Pokémon battles aren’t just for trainers anymore — AI models are now duking it out in the digital wilds of Kanto. But what started as a quirky competition between Google’s Gemini and Anthropic’s Claude has stirred up a surprisingly serious conversation about the validity of AI benchmarks.
A recent viral post on X claimed Gemini had outpaced Claude in the original Pokémon Red/Blue trilogy, reaching Lavender Town while Claude remained stuck in Mount Moon. The livestream showcasing Gemini’s gameplay was framed as proof of its dominance.
“Gemini is literally ahead of Claude atm in Pokémon…” the post reads, with a clip of the AI-led journey through the classic Game Boy title.
But Reddit users were quick to cry foul: the Gemini stream had a leg up. The developer behind it had implemented a custom minimap — a tool that made it easier for Gemini to parse game tiles like trees or obstacles, effectively reducing its reliance on screen-based perception and giving it a strategic edge.

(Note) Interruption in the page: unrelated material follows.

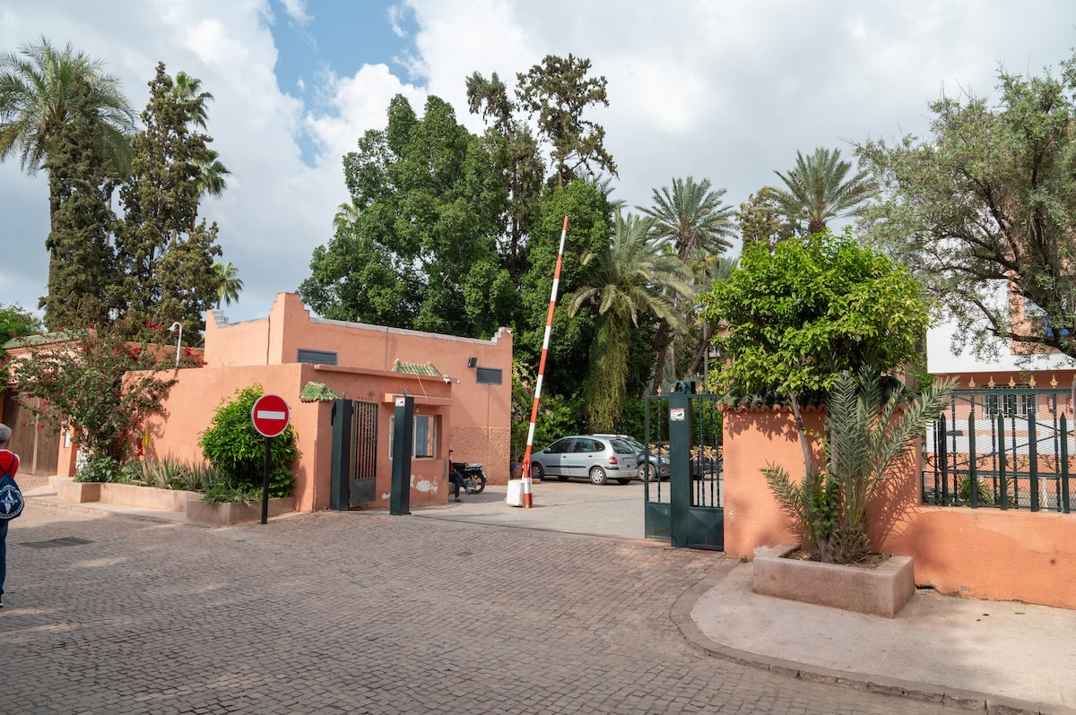 Uživajte u elegantnom i centralnom smještaju u srcu Geliza u mirnom području u blizini Medine. Majorelle garden: 2min hoda Drevna Medina - 5 minuta hoda Smještaj se nalazi na 1. spratu u novoj zgradi sa liftom. Dekor je napravljen od plemenitih materijala. Posteljina je antialergijska. Kućni ljubimci nisu dozvoljeni Zabave nisu dozvoljene Zabranjeno pušenje i vaporizatori Dolazak je non-stop.

It’s Just Pokémon… Or Is It?
While few people seriously consider Pokémon a rigorous AI benchmark, the moment highlights a much larger issue: benchmarks are only as fair as their implementation.

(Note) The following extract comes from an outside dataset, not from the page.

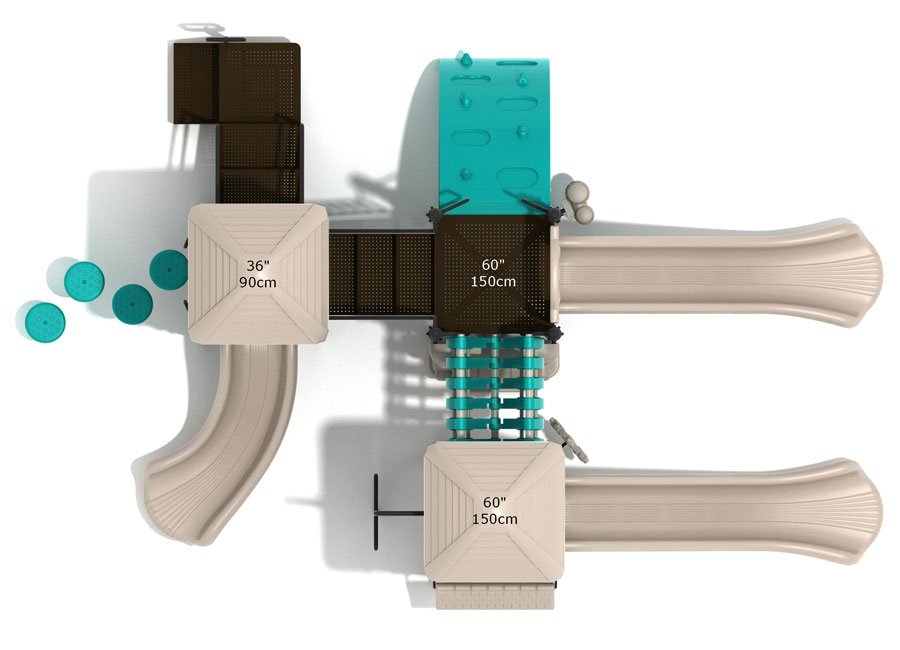 Slides 2× 5 ft straight slides; 1× 3 ft turn slide

Take Anthropic’s own Claude 3.7 Sonnet, which scored 62.3% on SWE-bench Verified (a test of coding skill) — until a “custom scaffold” bumped its performance to 70.3%. And Meta? They fine-tuned Llama 4 Maverick to shine on LM Arena, a benchmark where the base model struggled.
In short: these tests are fragile. Minor tweaks — even non-transparent ones — can drastically alter the results.

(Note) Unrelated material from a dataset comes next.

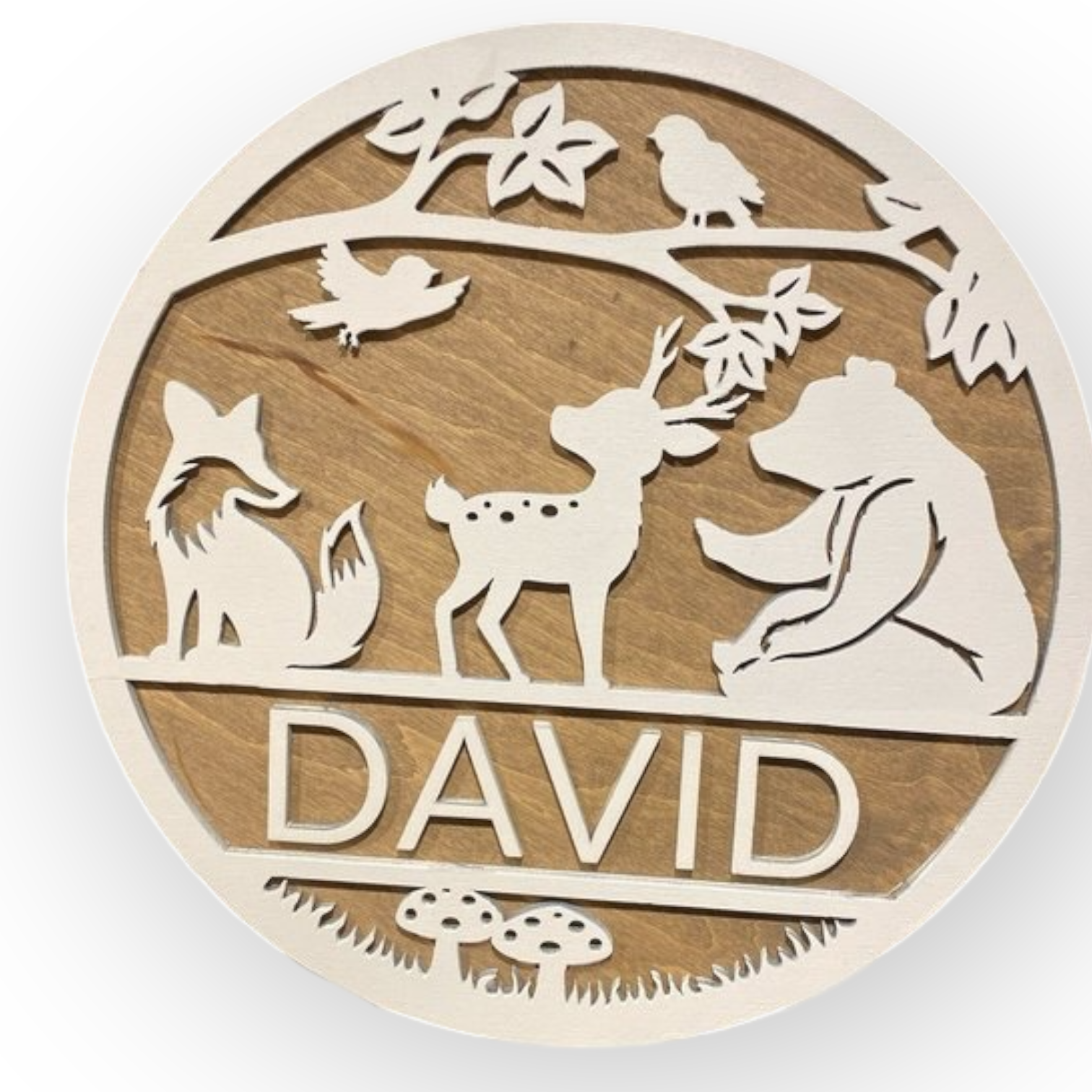 Väck fantasin hos ditt barn med våra unika, personliga namnskyltar som tar med skogens förtrollning direkt in i deras rum! Med noggrant designade motiv som skogsdjur och naturens under, är dessa namnskyltar det perfekta sättet att skapa en magisk och inspirerande miljö för ditt barn.

The Benchmarking Arms Race
As model releases speed up, developers are finding more ways to optimize for benchmarks rather than real-world performance. That creates a moving target and blurs what “better” really means. Even something as innocent as a Pokémon showdown reveals how subjective — and at times, manipulated — AI evaluation can become.
The takeaway? Whether it's Lavender Town or leaderboard bragging rights, how an AI gets there matters just as much as where it ends up.